Data entries
= = = = =

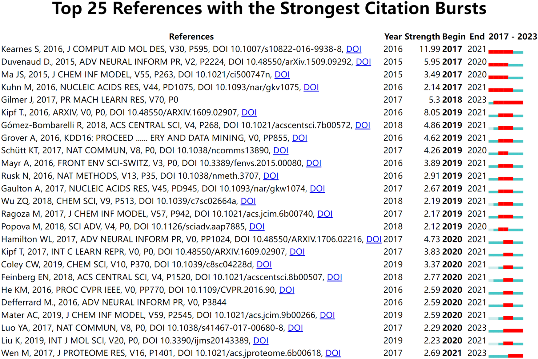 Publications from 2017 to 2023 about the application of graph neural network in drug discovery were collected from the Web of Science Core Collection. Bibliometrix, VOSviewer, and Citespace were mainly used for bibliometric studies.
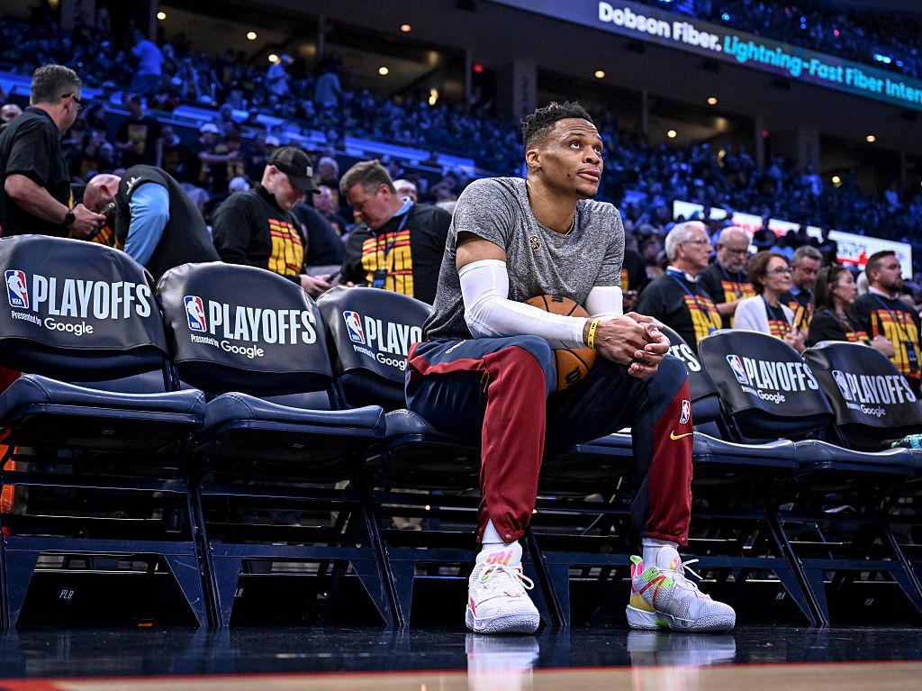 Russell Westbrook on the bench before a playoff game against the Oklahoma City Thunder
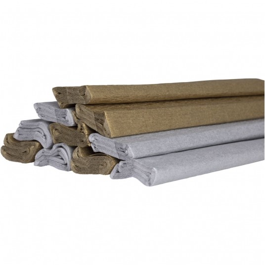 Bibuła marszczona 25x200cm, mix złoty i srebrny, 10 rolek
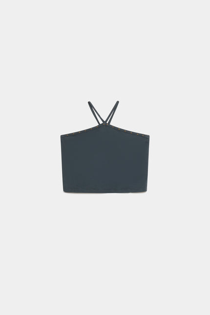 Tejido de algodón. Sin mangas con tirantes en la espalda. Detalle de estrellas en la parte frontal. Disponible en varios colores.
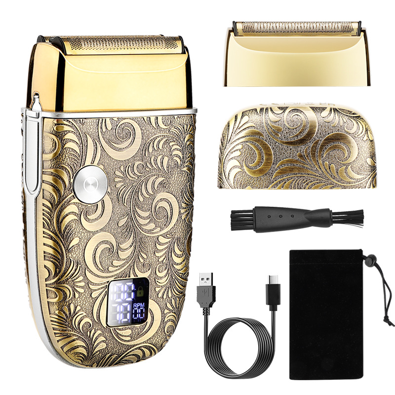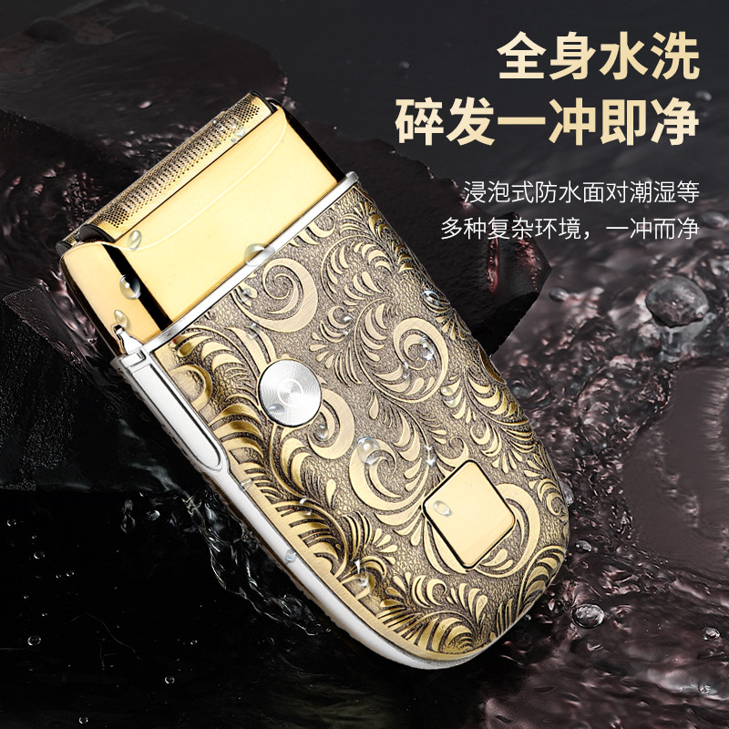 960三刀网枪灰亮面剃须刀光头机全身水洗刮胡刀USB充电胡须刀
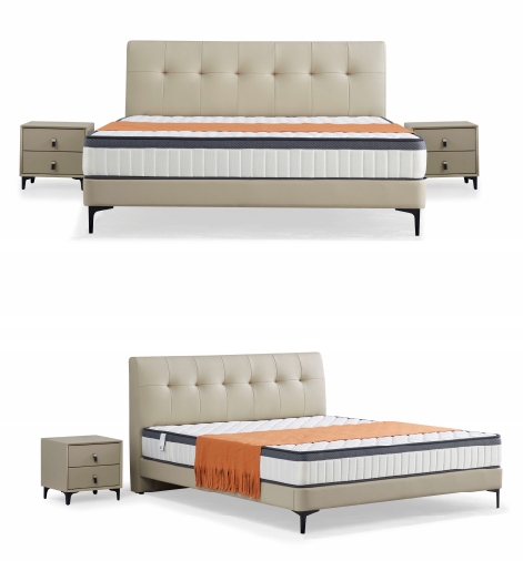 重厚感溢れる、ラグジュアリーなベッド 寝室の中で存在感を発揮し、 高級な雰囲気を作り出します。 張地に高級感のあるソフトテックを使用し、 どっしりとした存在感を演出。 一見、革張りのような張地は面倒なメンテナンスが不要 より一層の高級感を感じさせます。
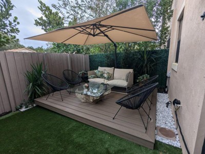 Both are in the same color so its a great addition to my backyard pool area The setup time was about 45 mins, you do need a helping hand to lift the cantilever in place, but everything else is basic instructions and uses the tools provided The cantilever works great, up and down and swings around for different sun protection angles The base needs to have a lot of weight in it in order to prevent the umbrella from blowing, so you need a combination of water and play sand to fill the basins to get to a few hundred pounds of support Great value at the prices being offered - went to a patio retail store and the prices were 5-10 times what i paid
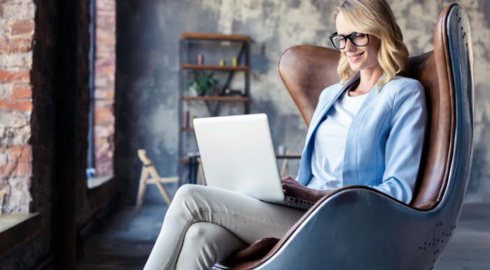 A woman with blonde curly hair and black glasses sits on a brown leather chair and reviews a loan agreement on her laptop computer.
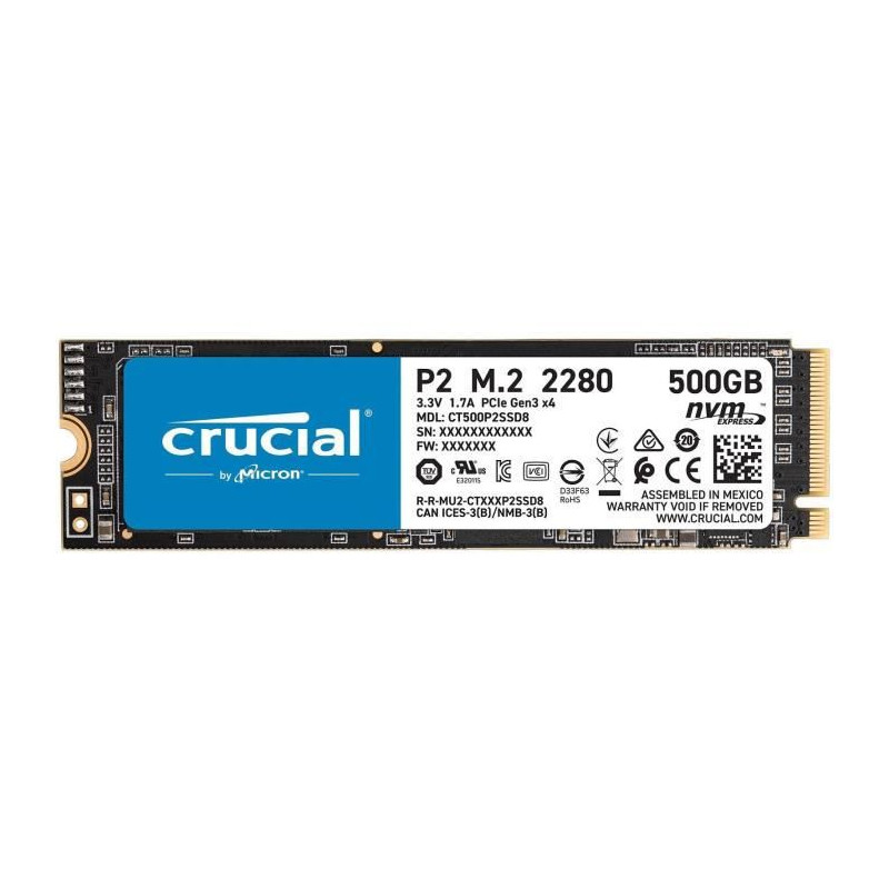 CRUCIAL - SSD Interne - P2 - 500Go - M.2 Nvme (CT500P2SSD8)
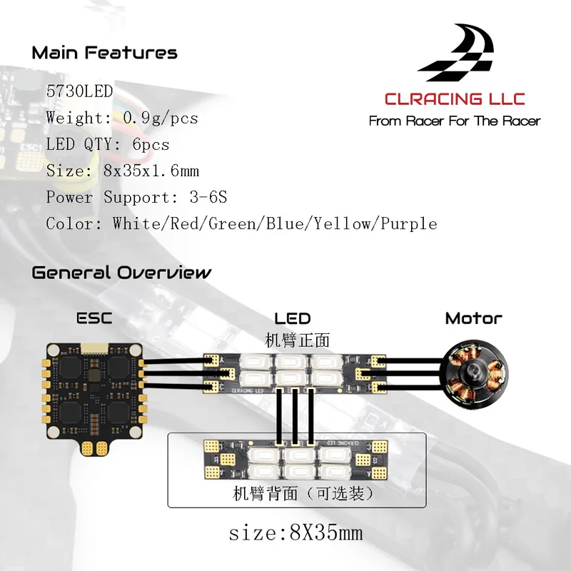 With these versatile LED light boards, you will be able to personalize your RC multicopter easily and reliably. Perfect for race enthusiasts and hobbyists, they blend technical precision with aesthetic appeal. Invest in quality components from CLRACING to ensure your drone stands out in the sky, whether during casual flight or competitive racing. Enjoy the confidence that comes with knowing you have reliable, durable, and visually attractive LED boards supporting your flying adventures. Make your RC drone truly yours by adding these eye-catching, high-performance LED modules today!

= = = = =

When you reach the line containing "Tejido de algodón." in the entries above, begin restating word for word, and stop once the line containing "重厚感溢れる、ラグジュアリーなベッド 寝室の中で存在感を発揮し、 高級な雰囲気を作り出します。" has been given. Omit the pictures.

## Worked solution
 Tejido de algodón. Sin mangas con tirantes en la espalda. Detalle de estrellas en la parte frontal. Disponible en varios colores.
 960三刀网枪灰亮面剃须刀光头机全身水洗刮胡刀USB充电胡须刀
 重厚感溢れる、ラグジュアリーなベッド 寝室の中で存在感を発揮し、 高級な雰囲気を作り出します。 張地に高級感のあるソフトテックを使用し、 どっしりとした存在感を演出。 一見、革張りのような張地は面倒なメンテナンスが不要 より一層の高級感を感じさせます。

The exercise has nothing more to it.